Systematic errors

Systematic errors#

Since neither the physical base model nor the surrogate happens to perfectly represent the physics of the transient, the likelihood function in fiesta uses a systematic uncertainty \(\sigma_{\rm sys}\).

\[\mathcal{L}(\vec{\theta}|d) = - \frac{1}{2} \sum_{t_j} \biggl( \frac{(m(t_j) - m^{\star}(t_j, \vec{\!\theta}\,))^2}{\sigma(t_j)^2 + \sigma_{\text{sys}}^2} + \ln(2\pi (\sigma(t_j)^2 + \sigma_{\text{sys}}^2)) \biggr)\]

In fiesta, this is controlled through the EMLikelihood class. There are three ways \(\sigma_{\rm sys}\) can be set up (see below). Which one of these modes is chosen depends on which _setup_sys_uncertainty_* method is called on the EMLikelihood instance. Upon initialization, the likelihood instance is in the “fixed” systematic uncertainty mode. When doing inference, this is determined automatically depending on whether a systamics .yaml file is provided and whether the prior includes the sys_err variable. The three modes are:

Fixed#

In this case, \(\sigma_{\rm sys}\) is just a constant determined through the error_budget keyword when initializing the likelihood function (defaults to 0.3 mag).

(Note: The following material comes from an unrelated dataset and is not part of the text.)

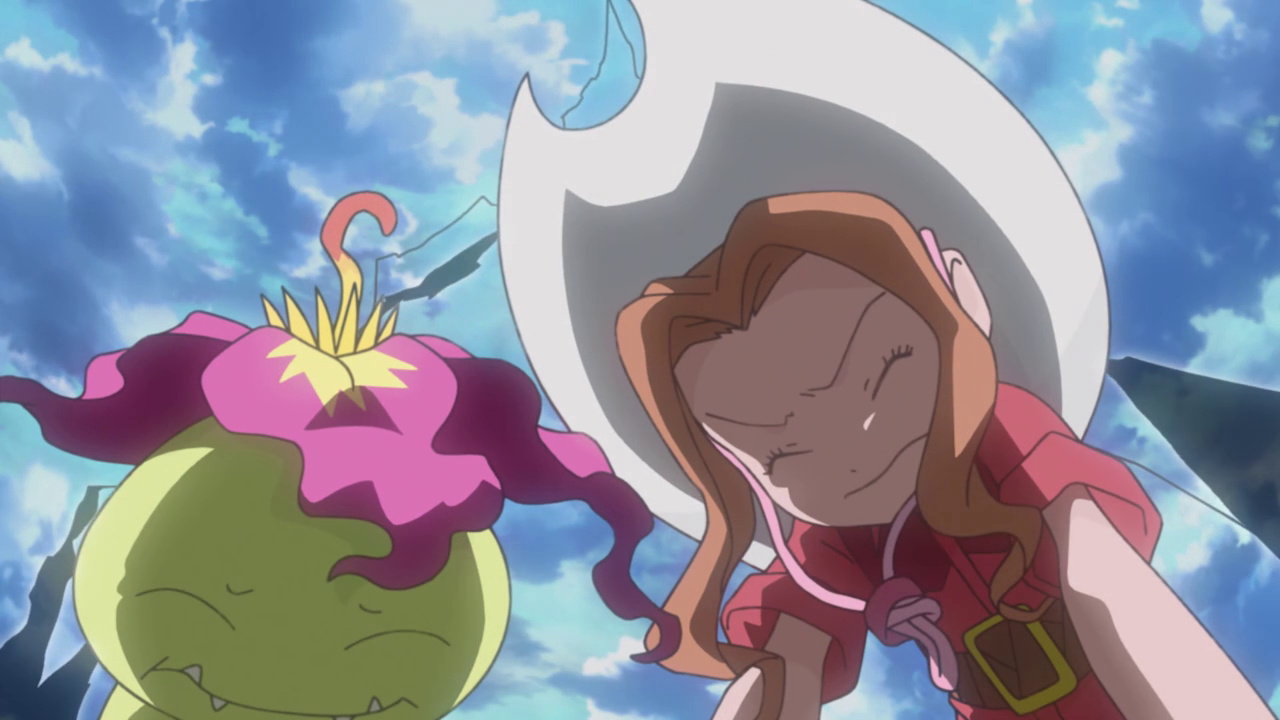 The kids end up separated in vastly different places due to Angemon flinging them to safety? I’m not sure if “safety” was the right word because they all seem to be in pretty dangerous places with some pretty aggressive Digimon. Everyone seems to be ducking in and out of danger and my hope for these poor kids to get some rest were thrown out the window. Though some of them seem to be in more danger than the others with Mimi seemingly having time to admire rocks with Palmon. NOT THE TIME GUYS. And then freaking Joe over here is soaking in a hot spring and it would have annoyed me if not for… Nanimon. I don’t know about everyone, but I’m not ashamed to say that Nanimon unsettles me. His name even has “what” in it. The one that makes me the most anxious is Takeru just roaming around with a tired out Patamon, leaving this small child open to being completely obliterated or captured like he was several episodes ago.

In the inference this happens, when neither a systematics file is provided in the Fiesta sampler instance and the prior does not contain a sys_err parameter.

Free#

In this case, \(\sigma_{\rm sys}\) is the same across all filters and times, but is sampled freely from a prior. This prior needs to be specified as sys_err in the prior. When initializing a Fiesta sampler with such a prior, the likelihood function is updated accordingly, hence its value for error_budget will be overwritten.

Time-dependent#

In this case, the systematic uncertainty is sampled freely, is time-depdendent, and can also vary between filters. For this to happen, the Fiesta sampler needs to be initialized with the argument systematics_file, where systematics_file points to a .yaml file that will determine the specific setup. This .yaml config should provide time_nodes, i.e. the number of time nodes for which the systematic uncertainties are sampled. It should also specify a fiesta.inference.prior type and its parameters, except for the naming. For instance, to introduce four sampling parameters that represent the systematic uncertainty for all filters collectively, using four time nodes linearly spaced between 0.3 and 26 days, one could set up:

collective:
    time_nodes: 4
    time_range: linear 0.3 26
    prior: Uniform
    params:
           xmin: 0.3
           xmax: 1.0

Alternatively, if each filter should have their own systematic uncertainty parameters, the following works (here we omit the time_range argument, which causes the nodes to be spaced linearly between EMLikelihood.tmin and EMLikelihood.tmax):

individual:
    time_nodes: 4
    prior: Uniform
    params:
           xmin: 0.3
           xmax: 1.0

We can also group several filters together:

group1:
    filters:
        - "X-ray-5keV"
        - "X-ray-1keV"
    time_nodes: 4
    time_range: linear 0.1 10
    prior: Uniform
    params:
           xmin: 0.3
           xmax: 2

group2:
    filters:
        - "radio-3GHz"
        - "radio-6GHz"
    time_nodes: 2
    time_range: log 0.3 1000
    prior: LogUniform
    params:
           xmin: 0.3
           xmax: 1.0

remaining:
    time_nodes: 4
    prior: Uniform
    params:
           xmin: 0.3
           xmax: 1.0

This would mean the X-ray filters share their 4 systematic uncertainty parameters spaced linearly between 0.1 and 10 days, the radio filters are sampled with two separate systematic uncertainty filters spaced geometrically between 0.3 and 1000 days, and all remaining filters are sampled with a different set of four systematic uncertainty parameters that are linearly spaced between between EMLikelihood.tmin and EMLikelihood.tmax. If the data does not contain any remaining filters except X-ray-5keV, X-ray-1keV, radio-3GHz, radio-6GHz, then remaining is ignored.